Tak masalah berasal dari dasar kesenian berbeda, katanya, intinya berkesenian harus berhubungan langsung dengan kehidupan. Adi mengaku berangkat dari seni teater. Dalam performance art kali ini ia mengambil dan mengembangkan latihan dasar teater. Tahun ini kali ketiga ia mengikuti PAMAFEST. Sebelumnya menjadi performer independen.

Performer dari Polandia, Adam Gruba menyajikan musik noise digabungkan dengan teatrikal pemutaran tali yang terinspirasi dari teori fisika kuantum. Tali yang diputar berulang dengan tempo yang cepat membentuk bayangan lingkaran. Lingkaran yang tercipta dari cahaya lampu seolah seperti black hole yang menghisap perhatian penonton.

Musik noise  sendiri fungsinya untuk menyampaikan gelombang bunyi. Adam Gruba menyatakan bunyi bisa menjadi virus bagi seseorang untuk memasuki ruang spiritual. Manifestasi pada penonton adalah ketika musik mulai berdegub makin cepat, penonton akan terbawa lalu ikut menggerakan badannya mengikuti Irama musik.

Iwan Wijono, seniman performing art asal Jogja menilai PAMAFEST cukup berani. Artinya di Malang sendiri seni konvensional belum begitu bisa hidup. “Bisa menjadi corong banyak anak anak muda untuk bersenikebudayaan,” ujarnya.
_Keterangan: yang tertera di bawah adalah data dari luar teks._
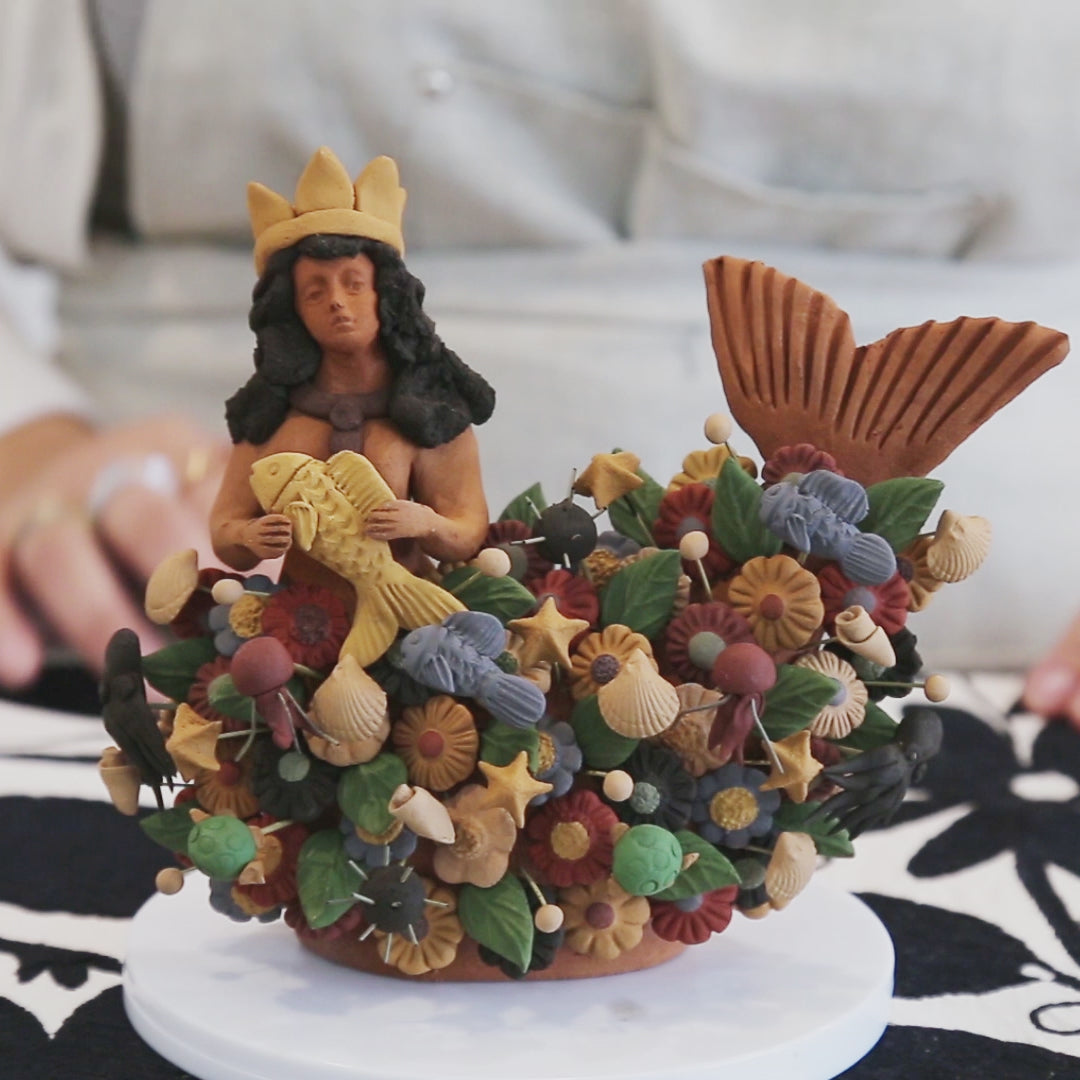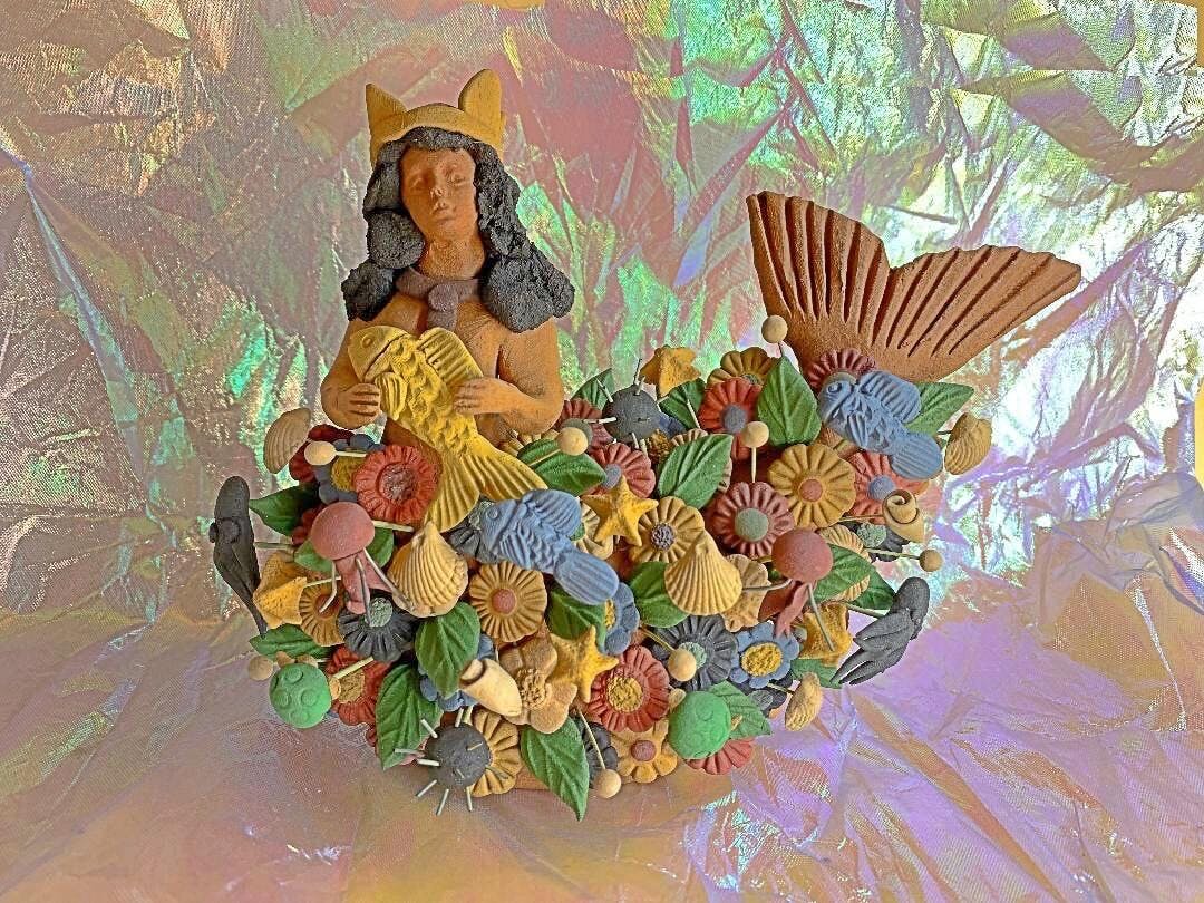 Tlanchana Barro Pigmentado Mermaid Clay Sculpture

Kemajuan seni, ujarnya, merupakan indikasi kemajuan suatu bangsa, Bangsa yang maju akan memiliki tinggalan seni dan kebudayaan seperti candi atau naskah kuno. Iwan menganggap performing art sebagai media untuk bersuara khususnya problem sosial.
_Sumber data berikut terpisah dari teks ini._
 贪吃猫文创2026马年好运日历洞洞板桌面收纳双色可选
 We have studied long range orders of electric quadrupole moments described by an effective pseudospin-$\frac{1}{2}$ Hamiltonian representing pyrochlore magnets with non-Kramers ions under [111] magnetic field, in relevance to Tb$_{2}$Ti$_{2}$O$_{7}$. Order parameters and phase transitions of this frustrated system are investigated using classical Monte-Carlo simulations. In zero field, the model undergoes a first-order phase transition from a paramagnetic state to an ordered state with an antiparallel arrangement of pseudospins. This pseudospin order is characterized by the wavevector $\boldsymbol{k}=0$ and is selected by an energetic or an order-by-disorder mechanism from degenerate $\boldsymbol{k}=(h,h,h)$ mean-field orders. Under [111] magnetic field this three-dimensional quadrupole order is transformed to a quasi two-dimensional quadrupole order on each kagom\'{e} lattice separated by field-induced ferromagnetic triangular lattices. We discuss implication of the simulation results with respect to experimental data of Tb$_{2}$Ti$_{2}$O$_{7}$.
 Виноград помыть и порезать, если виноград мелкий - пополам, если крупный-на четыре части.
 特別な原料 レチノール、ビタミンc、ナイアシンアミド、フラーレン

Sebagai salah satu street art performer pendukung reformasi pada demo era 1990an, Iwan menjadikan performing art sebagai salah satu upaya berdemokrasi. “Turun ke jalan dengan tubuh dengan pertunjukan di jalan itu efeknya luar biasa. Secara simbolik itu menyebarkan isu ke nasional. Orang jadi terinspirasi untuk ikut bergerak,” ujarnya.
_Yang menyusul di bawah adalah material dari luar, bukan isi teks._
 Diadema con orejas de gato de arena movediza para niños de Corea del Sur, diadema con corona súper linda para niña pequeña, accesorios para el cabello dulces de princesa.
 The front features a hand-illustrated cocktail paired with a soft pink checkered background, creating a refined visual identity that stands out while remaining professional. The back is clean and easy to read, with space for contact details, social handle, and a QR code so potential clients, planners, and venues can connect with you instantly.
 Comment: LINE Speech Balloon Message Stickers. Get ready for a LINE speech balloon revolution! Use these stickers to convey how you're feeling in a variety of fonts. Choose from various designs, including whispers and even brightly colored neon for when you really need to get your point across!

Iwan berharap performing art di Malang bisa lebih difungsikan lebih jauh, bukan sekedar festival atau agenda tahunan. Seperti menyampaikan semua kegelisahan dan ekspresi. “Bangsa yang kaya tapi banyak hutang, banyak masalah lingkungan hidup, dan banyak persoalan. Media non-konvensional dapat menyampaikan ide-ide itu,” ujar Iwan menandaskan.